Frederick Werema, Tanzania’s attorney general, said that the government is working with the International Centre for Asset Recovery (ICAR), a technical advisory group based in Basel, Switzerland, to investigate several cases of fraud, bribery and corruption where money may have been secretly funneled overseas. He declined to provide further details.
“We cannot disclose names of anybody because by doing so we will be infringing their rights. Secondly, we may decide to name them but what if the accusations against them turn out to be untrue? And thirdly, if we disclose their names, we will be tampering with our own evidence,” Werema said.
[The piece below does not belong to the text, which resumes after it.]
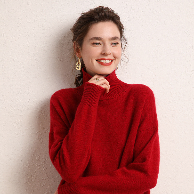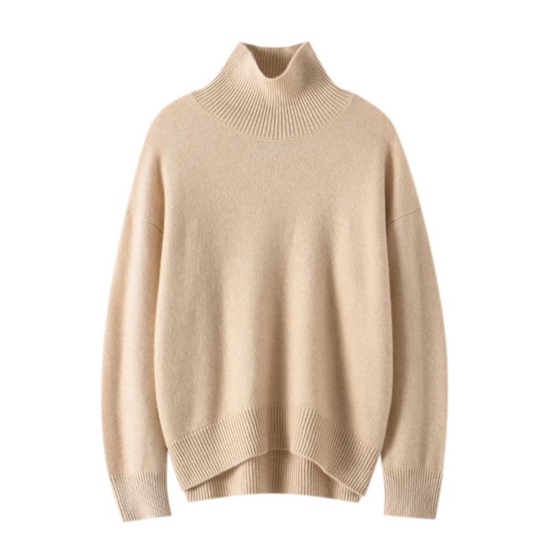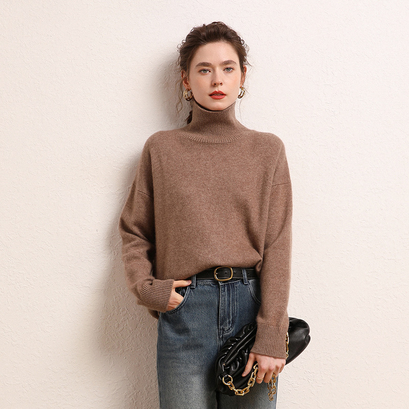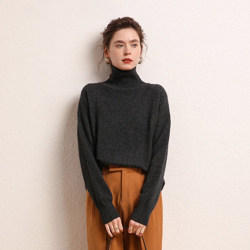 Celebrity Style High Collar Loose Lazy Style Cashmere Sweater Women's Korean Version Of Casual Knitted Wool Sweater Bottoming Shirt Women

In 2012, a parliamentary inquiry called on the government to investigate public sector corruption and to establish who might be hiding millions of dollars in ill-gotten wealth in foreign bank accounts. Despite a public outcry when Thomson Reuters Foundation last year reported holdings in Swiss bank accounts, recent legislative attempts to enforce laws requiring Tanzanian politicians to disclose their assets and to limit their foreign holdings have foundered.
Meanwhile, the amount of money that Tanzanians keep in Swiss bank accounts continues to climb. Holdings rose 42 percent to CHF 270.97 million (US $304.2 million) in 2013, from CHF 190.58 million (US $213.4 million) the prior year, according to Swiss central bank data. Switzerland is a favorite location for the wealthy to hold money due to its stable currency, generally low taxes and a long tradition of bank secrecy.
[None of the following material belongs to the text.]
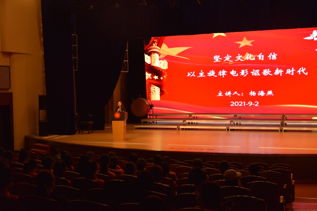 9月2日,公司党委书记杨海燕老师以“坚定文化自信,以主旋律电影讴歌新时代”为主题,在音乐厅为2021级全体新生讲授党史主题教育课。2021级本科生辅导员班冬宇,2021级研究生辅导员杜明月,专职组织员王璐也聆听了本次党课。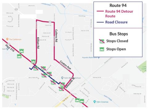 Route 94 will be on detour in Yelm Saturday, June 29 due to the Prairie Days Parade. Several stops along Highway 510 and Yelm Ave. will be closed from 9:30 a.m. - 12 p.m. Please catch the bus at Killion Rd. or 3rd Ave. while the detour is in place. For additional details please see the map below.

Global Financial Integrity, the Washington-base group that tracks illicit flows, has estimated that $4.5 billion in illicit money has left Tanzania over the last decade, and the annual pace has accelerated to $817 million by 2011, the latest year for which data is available, from US$ 551 million in 2002.
It is not only money lost from public corruption. Zitto Kabwe, chairman of Tanzania’s parliamentary committee on public accounts, said last October that the country is losing about $1.25 billion a year in budget revenues, equivalent to 5 percent of its gross domestic product, through corporate tax avoidance, evasion and corruption – money needed for healthcare, education and infrastructure.
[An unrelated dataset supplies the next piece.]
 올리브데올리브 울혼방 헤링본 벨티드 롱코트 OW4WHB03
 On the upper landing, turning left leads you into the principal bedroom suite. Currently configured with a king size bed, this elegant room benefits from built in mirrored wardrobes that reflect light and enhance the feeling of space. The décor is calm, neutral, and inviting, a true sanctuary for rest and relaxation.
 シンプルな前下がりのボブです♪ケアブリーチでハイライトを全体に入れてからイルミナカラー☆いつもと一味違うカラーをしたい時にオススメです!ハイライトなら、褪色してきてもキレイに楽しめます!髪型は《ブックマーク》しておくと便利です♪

ICAR helps officials from developing countries to trace, confiscate and repatriate the proceeds of corruption, money laundering and related crimes. It declined to comment on whether it is working for the Tanzanian government.
“We provide technical assistance to a range of law enforcement agencies in various countries around the world, through training and case related assistance, liaising with foreign jurisdictions where required,” said ICAR Director Gretta Zinkernagel in an e-mail.
The centre is an arm of the Basel Institute on Governance, which is headed by Mark Pieth, respected for his work in enforcing the international accord on foreign bribery known as the Anti-Bribery Convention for 15 years when he was head of the OECD’s Working Group on Bribery.